= Horace Poussard =

French musician

Horace Remi Poussard (11 June 1829 – 12 September 1898) was a French violinist and composer.

==Career==
Poussard was born in Château-Gontier, the son of music teacher and conductor Charles Francois Poussard. He studied at the Conservatoire de Paris, graduating with the First Class prize in violin in 1849 with a performance of a Viotti Concerto (reviewed in La Vigie de l'Ouest, 14 September 1849). In the 1850s he began his career as a professional violinist with concerts in Paris, Vienna, and Constantinople. He also travelled through Hungary, Greece, Wallachia, and the British Isles. In 1860 he appeared in London, along with a fellow French cellist, René Douay. In 1861 Poussard and Douay sailed to Australia, and gave their first concerts there in Melbourne. They toured the goldfields and major towns in the states of Victoria and South Australia before going to the South Island of New Zealand. During this period, their repertoire consisted mainly of more popular pieces, easily recognised by the inhabitants of the newly emerging country. To commemorate the exploration (and death) of Burke and Wills on their journey across Australia, Poussard wrote The Dead Heroes, a musical poem of 17 stanzas incorporating well known existing tunes. The song was well received.
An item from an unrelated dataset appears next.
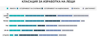 Ако оптичната яснота е основната Ви грижа, нищо не може да се сравни със стъклото. За активен начин на живот поликарбонатните или Trivex лещи предлагат издръжливост и защита. Лещите TAC са чудесни за намаляване на отблясъците, без да счупват касичката Ви, докато CR-39 осигурява златната среда за ежедневна употреба.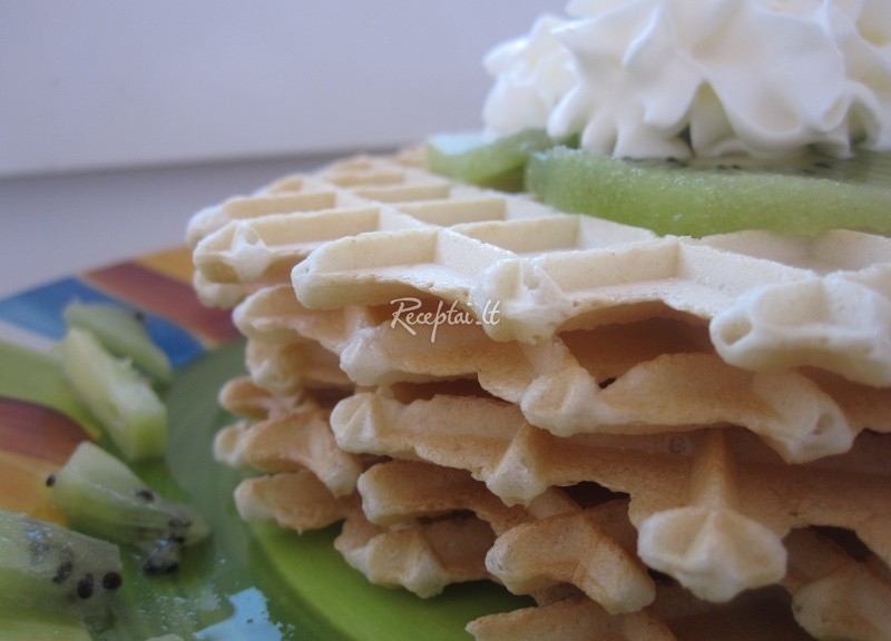 Įkaitintą vaflinę ištepti riebalais, samčiu įpilti tešlos ir iškepti vaflius. Patiekti su supjaustytais kiviais ir grietinėle.

In 1864, Douay, who was suffering from a mental illness, "went mad" while in Melbourne and was shipped back to France, to remain in an asylum for the rest of his life. Poussard and a musical comedy singer named Florence Beverley (Florence Calzado) left Australia for a four-year tour of India and South Africa, linking up with Robert Smythe (a manager) and his wife Amelia Bailey (a soprano). The so-called Poussard-Bailey Opera Company gave more than 300 performances in this period as well as coping with the difficulties of travel by land and sea.

Poussard returned to France in December 1868 and continued performing in France and the British Isles. He played in the Royal Court of Empress Eugénie and with Giovanni Bottesini, the celebrated double-bass player. He married an Opera Comique singer, Louise Félicie Jean (Lottie Montal) in London in 1874 and in 1883 returned to Australia where they performed and where he increasingly taught piano and violin. His last tour was to New Zealand in 1890, and he died in Sydney in 1898.